:: Given records ::
▽

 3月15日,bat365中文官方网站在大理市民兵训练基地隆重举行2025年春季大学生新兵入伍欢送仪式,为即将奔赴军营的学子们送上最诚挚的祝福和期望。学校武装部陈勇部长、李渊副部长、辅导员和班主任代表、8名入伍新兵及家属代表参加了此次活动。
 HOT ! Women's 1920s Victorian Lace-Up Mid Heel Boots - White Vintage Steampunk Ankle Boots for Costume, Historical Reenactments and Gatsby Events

△
▽

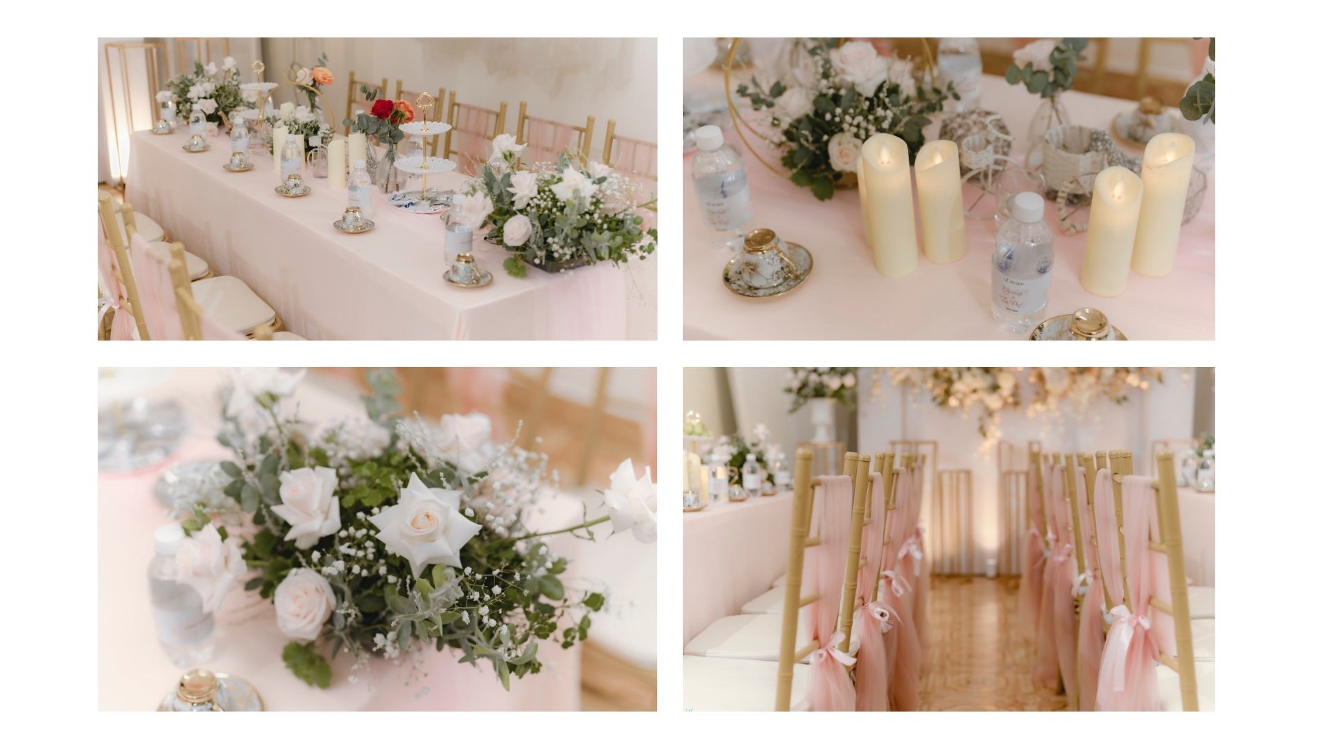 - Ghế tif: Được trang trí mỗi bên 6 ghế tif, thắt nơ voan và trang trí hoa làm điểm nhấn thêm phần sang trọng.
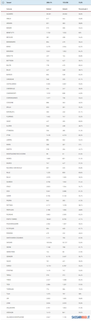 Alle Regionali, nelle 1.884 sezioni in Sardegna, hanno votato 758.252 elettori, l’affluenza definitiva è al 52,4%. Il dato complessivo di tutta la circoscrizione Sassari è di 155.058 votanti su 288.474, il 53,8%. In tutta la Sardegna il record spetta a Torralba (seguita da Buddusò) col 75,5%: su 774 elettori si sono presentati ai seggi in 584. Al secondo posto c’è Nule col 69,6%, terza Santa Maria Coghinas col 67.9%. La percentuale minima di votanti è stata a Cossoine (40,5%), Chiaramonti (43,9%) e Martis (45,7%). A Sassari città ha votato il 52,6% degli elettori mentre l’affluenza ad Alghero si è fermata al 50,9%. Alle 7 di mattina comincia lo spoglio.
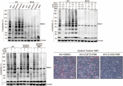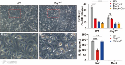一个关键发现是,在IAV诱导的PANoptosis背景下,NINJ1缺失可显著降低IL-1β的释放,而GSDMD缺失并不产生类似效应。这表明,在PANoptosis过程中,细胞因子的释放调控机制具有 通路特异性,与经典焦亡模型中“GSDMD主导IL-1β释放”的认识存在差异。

△
▽

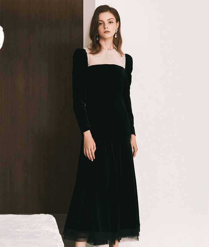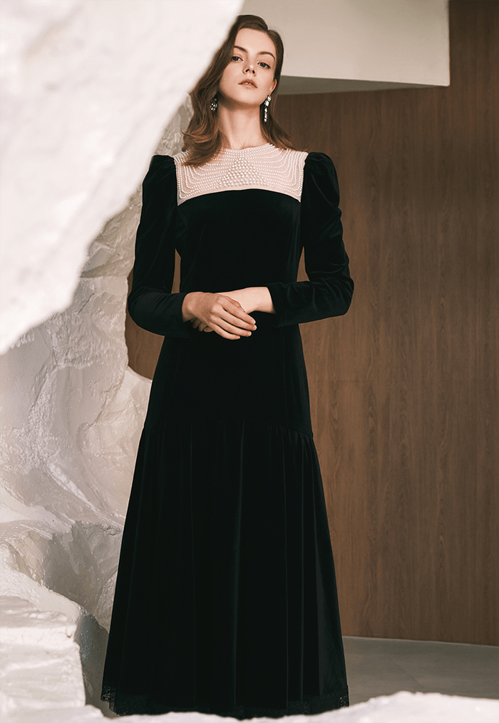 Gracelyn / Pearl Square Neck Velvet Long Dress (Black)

△

:: What the task requires ::
Which part of the entries opens with the line containing "Alle Regionali, nelle" and closes with the line containing "一个关键发现是,在IAV诱导"? Output that part exactly, ends included, pictures excluded.

:: Result of the task ::
 Alle Regionali, nelle 1.884 sezioni in Sardegna, hanno votato 758.252 elettori, l’affluenza definitiva è al 52,4%. Il dato complessivo di tutta la circoscrizione Sassari è di 155.058 votanti su 288.474, il 53,8%. In tutta la Sardegna il record spetta a Torralba (seguita da Buddusò) col 75,5%: su 774 elettori si sono presentati ai seggi in 584. Al secondo posto c’è Nule col 69,6%, terza Santa Maria Coghinas col 67.9%. La percentuale minima di votanti è stata a Cossoine (40,5%), Chiaramonti (43,9%) e Martis (45,7%). A Sassari città ha votato il 52,6% degli elettori mentre l’affluenza ad Alghero si è fermata al 50,9%. Alle 7 di mattina comincia lo spoglio.
一个关键发现是,在IAV诱导的PANoptosis背景下,NINJ1缺失可显著降低IL-1β的释放,而GSDMD缺失并不产生类似效应。这表明,在PANoptosis过程中,细胞因子的释放调控机制具有 通路特异性,与经典焦亡模型中“GSDMD主导IL-1β释放”的认识存在差异。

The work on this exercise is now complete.